The imaging devices, protocol, and processing were the same as previously reported[9,10]. We used 25% stable Xe gas in conjunction with an AZ-726 Xe gas inhalation system (Anzai Medical Co., Ltd., Tokyo, Japan). The wash-in and wash-out periods were both 4 min. The entire liver was examined by CT at 1-min intervals at 4 levels, including the porta hepatis (9 scans in total, including the baseline scan) (Figure 2). Using an AZ-7000W image processing system (Anzai Medical Co., Ltd.), PVTBF, HATBF, and THTBF were calculated, and these maps were created. The time course change rate for the arterial Xe concentration, which was needed to calculate PVTBF and HATBF, was derived using the time course of the Xe concentration in the spleen tissue. An Aquilion CT scanner (Toshiba Medical Systems Corporation, Tokyo, Japan) was used, with exposure factors of 120 kV, 150 mA, and 13.8 mGy. Confidence values indicated the difference between theoretical and actual changes in CT values over time and were used as an index of reliability (Figure 3). Regions of interest (ROI) were chosen at 4 levels, and areas with low reliability were automatically excluded (Figure 3). The mean of the 4 levels was used to determine PVTBF and HATBF in each patient, and THTBF was calculated as the sum of PVTBF and HATBF (Figure 4). Xe-CT was performed on admission. The analysts of the Xe-CT data were blinded to the results of the clinical information.

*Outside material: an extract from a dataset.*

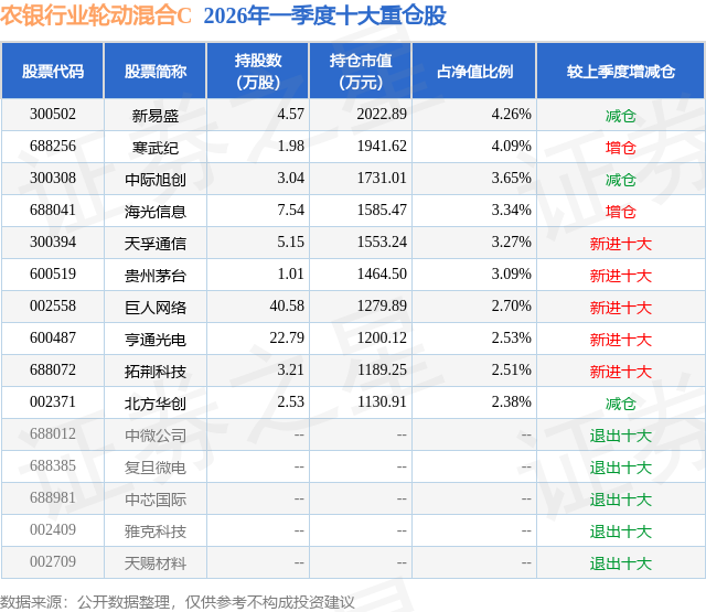 从基金规模来看,农银行业轮动混合C基金2026年一季度公布的基金规模为0.08亿元,较上一期规模522.24万元变化了303.15万元,环比变化了58.05%。该基金最新一期资产配置为:股票占净值比90.19%,无债券类资产,现金占净值比10.23%。从基金持仓来看,该基金当季前十大股票仓位达31.82%,第一大重仓股为新易盛(300502),持仓占比为4.26%。

Liver function tests were measured on admission. Liver function tests included the following parameters: albumin (Alb) (g/dL), prothrombin time (PT) (%), brain natriuretic peptide (BNP) (pg/mL), branched amino acid and tyrosine ratio (BTR), branched chain amino acid (BCAA) (μmol/L), tyrosine (μmol/L), ammonia (NH3 μg/dL), cholinesterase (ChE IU/L), immunoreactive insulin (IRI μU/mL), total bile acid (TBA μmol/L), and the retention rate of indocyanine green 15 min after administration (ICG R15) (%). ICG (Diagnogreen®, Daiichi Sankyo Co., Tokyo, Japan; 0.5 mg/kg body weight) was administered via a peripheral vein, and venous blood was sampled before and 15 min after injection. Specimens were analyzed for ICG concentrations on a spectrophotometer at 805 nm.

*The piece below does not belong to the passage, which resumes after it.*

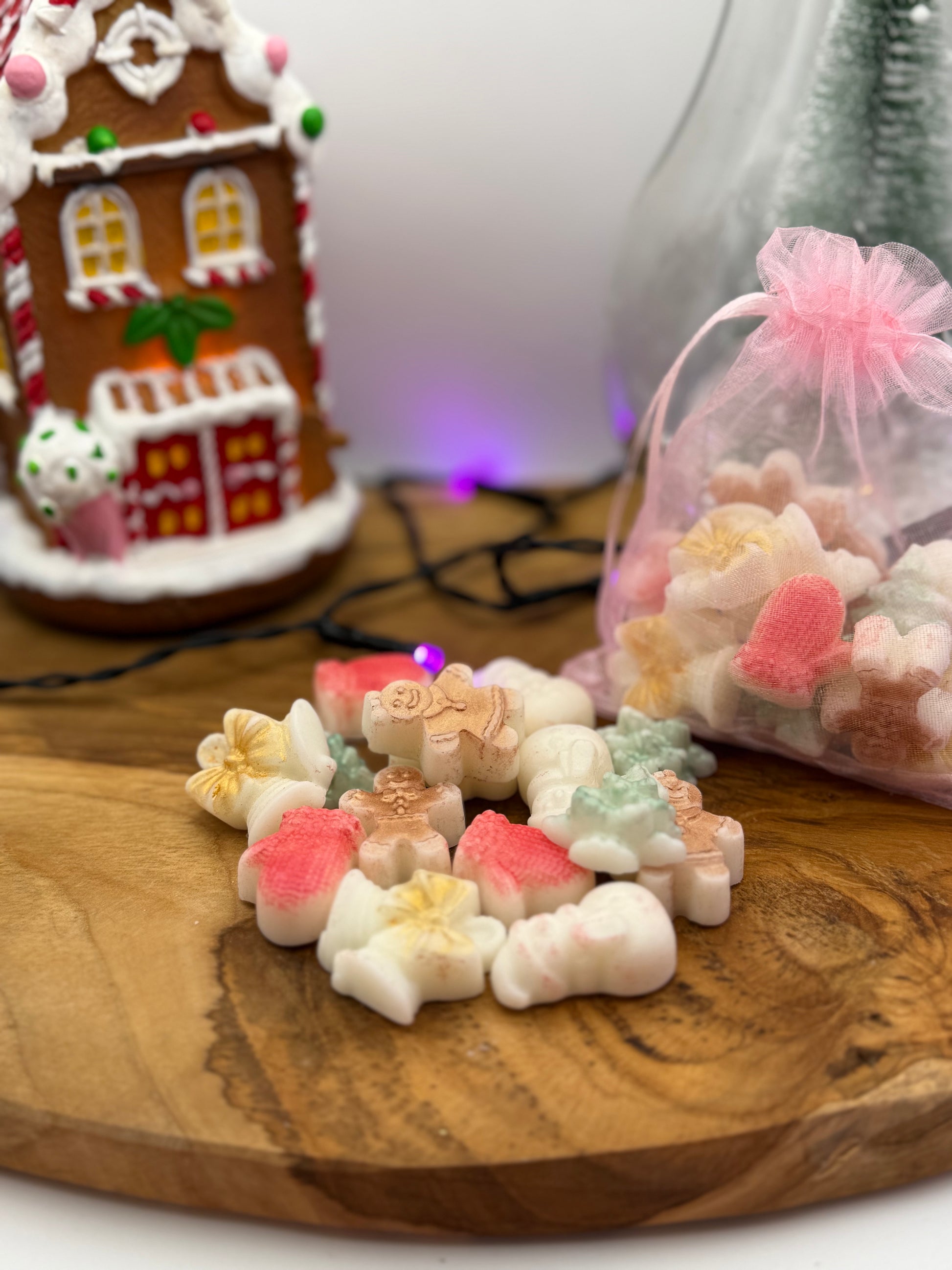 Le modèle Fuyumix est un sachet composé de mini-fondants parfumés qui capture l’esprit chaleureux des fêtes, avec ses sujets de Noël.

Each parameter is expressed as mean ± SD. The Pearson product-moment correlation coefficient was used to examine correlations between TBF parameters and liver function tests. The Pearson product-moment correlation coefficient is a measure of the linear correlation between two variables. It is defined as covariance of the two variables divided by the product of standard deviations. All statistical tests were performed with the statistical software, GraphPad Prism (GraphPad Software, Inc., La Jolla, California, United States). P values < 0.05 were considered statistically significant.

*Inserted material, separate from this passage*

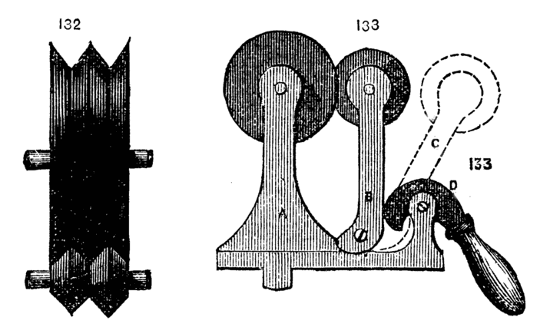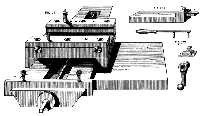 But, in addition, a valuable Appendix is now published, containing matter of great importance, contributed by one or two gentlemen, who most kindly placed their papers at the service of the author. Foremost among them stands a paper on the angles of tools, by Dodsworth Haydon, Esq., of Guildford. A clever arrangement of Lathe for Rose Engine Work, by the aid of the Eccentric[v] Chuck without Rosettes, is also added from the pen of Mr. Elias Taylor, of Brighton; and one or two matters, which did not appear so fully treated as they deserved in the body of the work, have been resumed and more fully discussed in the Appendix.

Hepatic TBF as measured by Xe-CT, ICG R15, and liver function is summarized in Table 2.
PVTBF | (mL/100 mL/min) | 30.2 ± 10.4 |
HATBF | (mL/100 mL/min) | 20.0 ± 10.7 |
THTBF | (mL/100 mL/min) | 50.3 ± 14.9 |
Alb | (g/dL) | 3.50 ± 0.50 |
PT | 72.0% ± 11.5% | |
ChE | (IU/L) | 161 ± 70.8 |
BNP | (pg/mL) | 63.2 ± 56.7 |
TBA | (μmol/L) | 68.0 ± 51.8 |
NH3 | (μg/dL) | 59.4 ± 22.7 |
ICG R15 | 28.6% ± 13.5% | |
BTR | 4.06 ± 1.24 | |
BCAA | (μmol/L) | 437.5 ± 89.4 |
Tyrosine | (μmol/L) | 117.7 ± 32.8 |
IRI | (μg/dL) | 12.8 ± 5.0 |
PVTBF showed a significant negative correlation with ICG R15 (r = -0.468, P < 0.01, Figure 5). No significant correlation was seen between ICG 15R and HATBF and THTBF.
The correlations between hepatic TBF as measured by Xe-CT, ICG R15, and liver function are summarized in Table 3, Figure 6, and Figure 7. There was a significant correlation between PVTBF and Alb (r = 0.2499, P < 0.05), and NH3 tended to have an inverse correlation with PVTBF (r = -0.2428, P = 0.0894) (Table 3 and Figure 6). There were also many significant correlations between ICG R15 and liver function parameters, including Alb, NH3, PT, BNP, TBA, BCAA, and tyrosine (r = -0.2156, P < 0.05; r = 0.4318, P < 0.01; r = 0.4140, P < 0.01; r = 0.3610, P < 0.05; r = 0.5085, P < 0.001; r = -0.3123, P < 0.05; and r = 0.4740, P < 0.05, respectively) (Table 3 and Figure 7).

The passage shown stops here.